Web Content Container Companies: Let *Us* Make Money Too!

Over and over again I’m delighted by the phenomenal offerings on the Web, specifically in the areas of content creation and delivery. Most of them seem to be looking at the YouTube model of delivery: Make it free; make it (and all the content produced) public; and wrap advertising around the critical mass of users that flock to what you’re offering and make bazillions.

The problem? Any person, company or organization serious about investing time, effort, energy and resources building atop them — and delivering their content in an embeddable container on their website, blog, “FaceSpace” page or elsewhere — need to find a way to make money.

Now before you get all riled up with, “Hey Borsch, you numbskull. Haven’t you heard of the freemium model or that giving content away drives other business?” hear me out.

The answer, of course, is “yes” as evidenced by clients I’ve recommended implement a free/paid/pro version of what they offer online, as well as the huge success I personally experienced when giving away my report, Rise of the Participation Culture (RPC). With the latter example, for me to continue to carve out the time necessary to create quality deliverables like a line of social media ebooks, videos or presentations, there needs to be a way to make some dough off of them.

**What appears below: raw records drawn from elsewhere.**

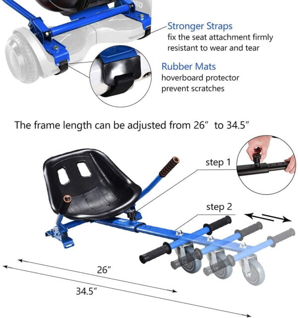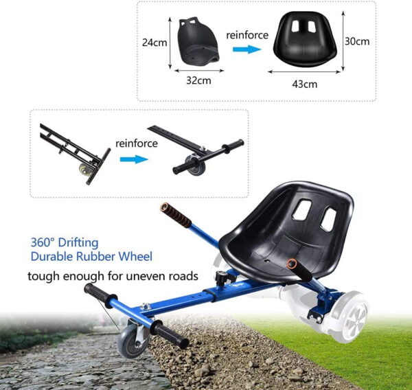 Max load:200 lbs User age:13 years old Kart Equipment ONLY – Attention: Balance Board Not Included. Hover-Rider Accessorie Seat for Two Wheel Hover-Rider 6″ and 10″ Only Easy to install, takes only about a minute to transform your Hover-Rider into Electric Go Kart Perfect to make you enjoy the happiness with your Hover-Rider BoardKart Equipment – Balance Board Not Included, the length is adjustable, cruise like a GO-KART PLEASE NOTE: Balance Board Not Included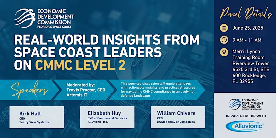 RUSH was proud to join the panel discussion: “CMMC Level 2: Real-World Insights from Space Coast Leaders” hosted by the Economic Development Commission of Florida’s Space Coast and Alluvionic Inc on June 25, 2025 in Rockledge, Florida.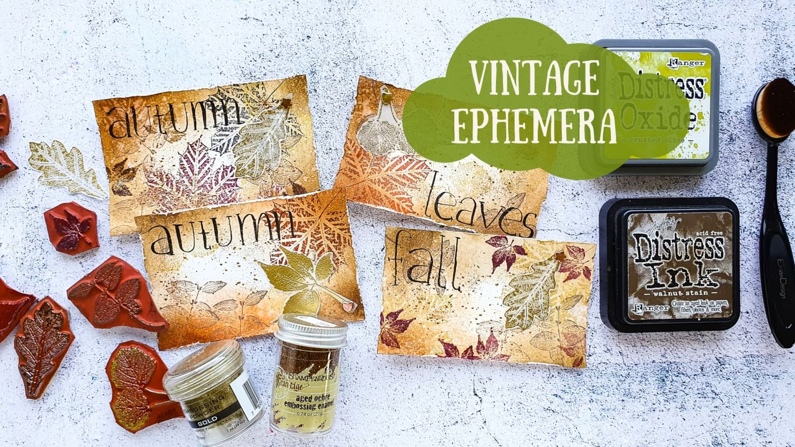 Today I am creating some vintage looking autumnal ephemera cards with Distress Inks, Oxides, some stamps and embossing powders. I really like to use these kind of cards for junk journals, to add to happy mail or as gift tags.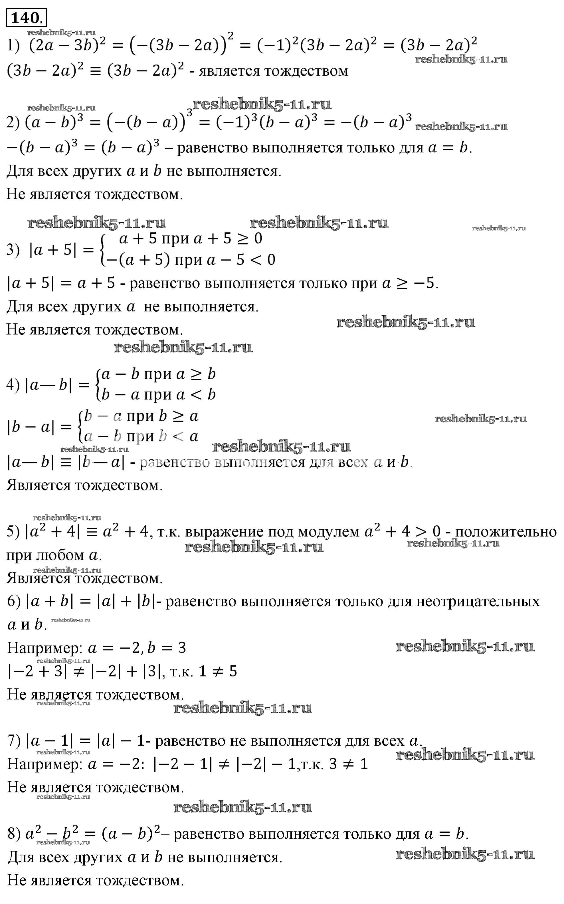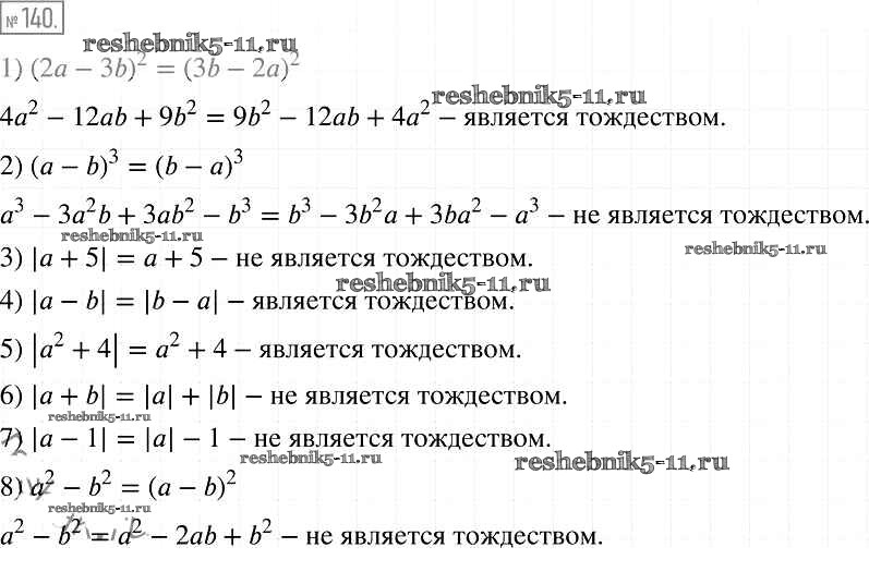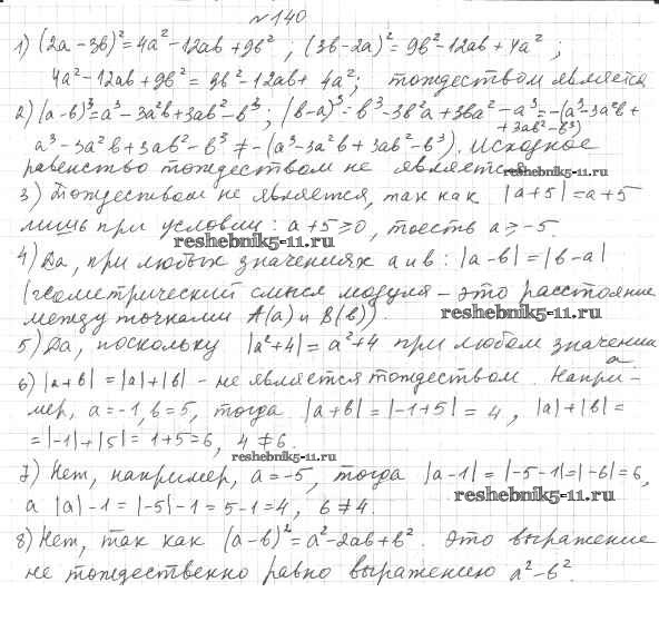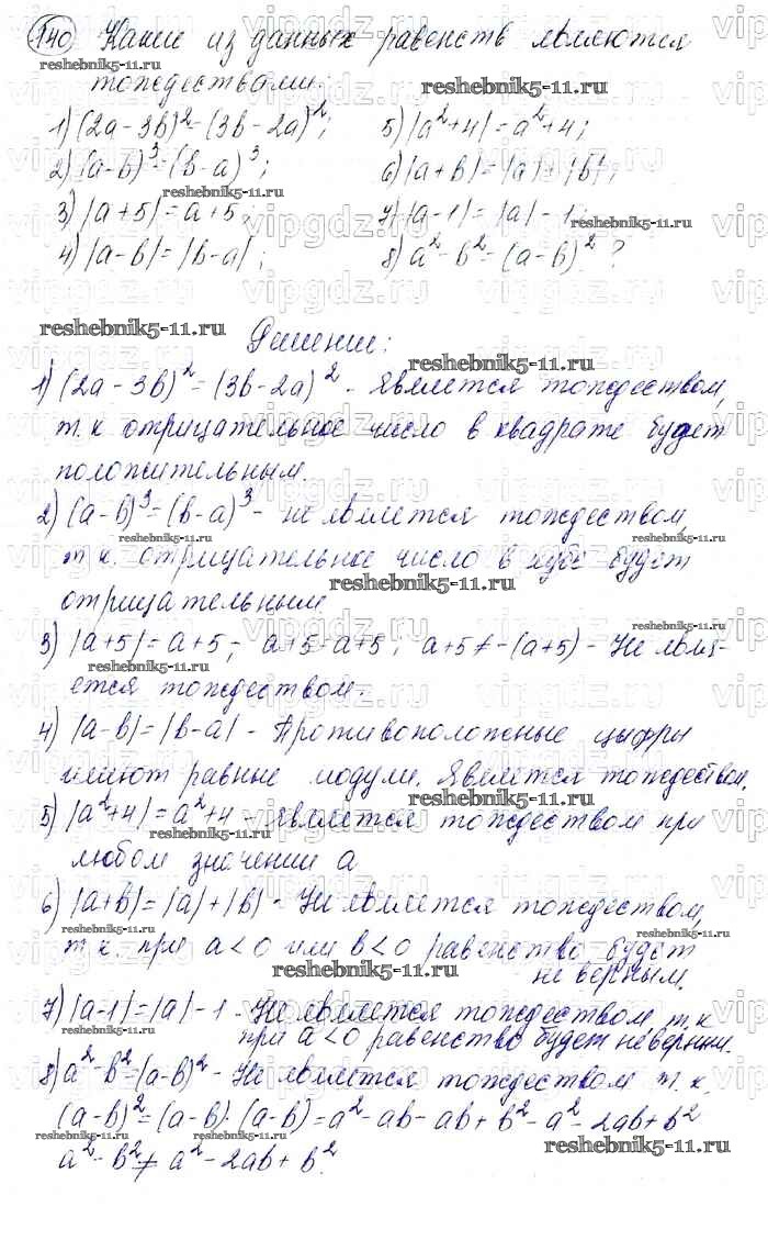 Готовая домашняя работа с ответами по Алгебре за 7 класс Мерзляк, Полонский, Якир Учебник Алгоритм успеха Базовый уровень Вентана-граф 2016 ФГОС - Упражнения 140

Arguments like, “Just give your stuff away and people will find you and new markets and opportunities will open up,” is mostly bullshit or a far too optimistic generalization for all but a few who do it. Yes, I believe that there is validity to “free” or otherwise I wouldn’t give stuff away (like free speaking engagements, free initial consultations, pro bono work, or free reports like RPC) but I limit those to 10% of my time or otherwise I’d get nothing else done.

There’s a real crazy-maker though, with licenses, and the fact that these offerings are geared so that YOU as a user, generating content, make NO MONEY and that THEY benefit from your effort.

I have several clients that have “members only” or otherwise protected areas that only customers or clients can access. For the most part, offerings like SproutBuilder, Acrobat.com, and the new Flowgram I just experienced, have no Pro-level, paid accounts which allow my clients (or me) to deliver secure, protected, yet embeddable content containers that we can monetize by selling them, a subscription to them, or otherwise deliver them behind a protected login to customers or clients with whom we have a monetized relationship already in place.

Here’s the other crazy-maker: the licenses. Flowgram says, in part, in the license you agree to in order to use their service:

By posting User Content to any part of the Site, you automatically grant, and you represent and warrant that you have the right to grant, to the Company an irrevocable, perpetual, non-exclusive, transferable, fully paid, worldwide license (with the right to sublicense) to use, copy, publicly perform, publicly display, reformat, translate, excerpt (in whole or in part) and distribute such User Content for any purpose, commercial, advertising, or otherwise, on or in connection with the Site or the promotion thereof, to prepare derivative works of, or incorporate into other works, such User Content, and to grant and authorize sublicenses of the foregoing.

These sorts of clauses are in licenses from virtually every company that has some sort of embeddable, web content container with user generated content and a business model that allows only one type of content creation and delivery and that’s a free one!

As my wife and business partner says to me often, when I agree to a coffee meeting so someone can pick-my-brain, “It’s easy to give away your time and deep knowledge for free” and she’s absolutely right. It’s even more time consuming to create (quality) content and really easy to give it away for free. It’s much harder to monetize that content online and these web content container companies aren’t helping to make that easier.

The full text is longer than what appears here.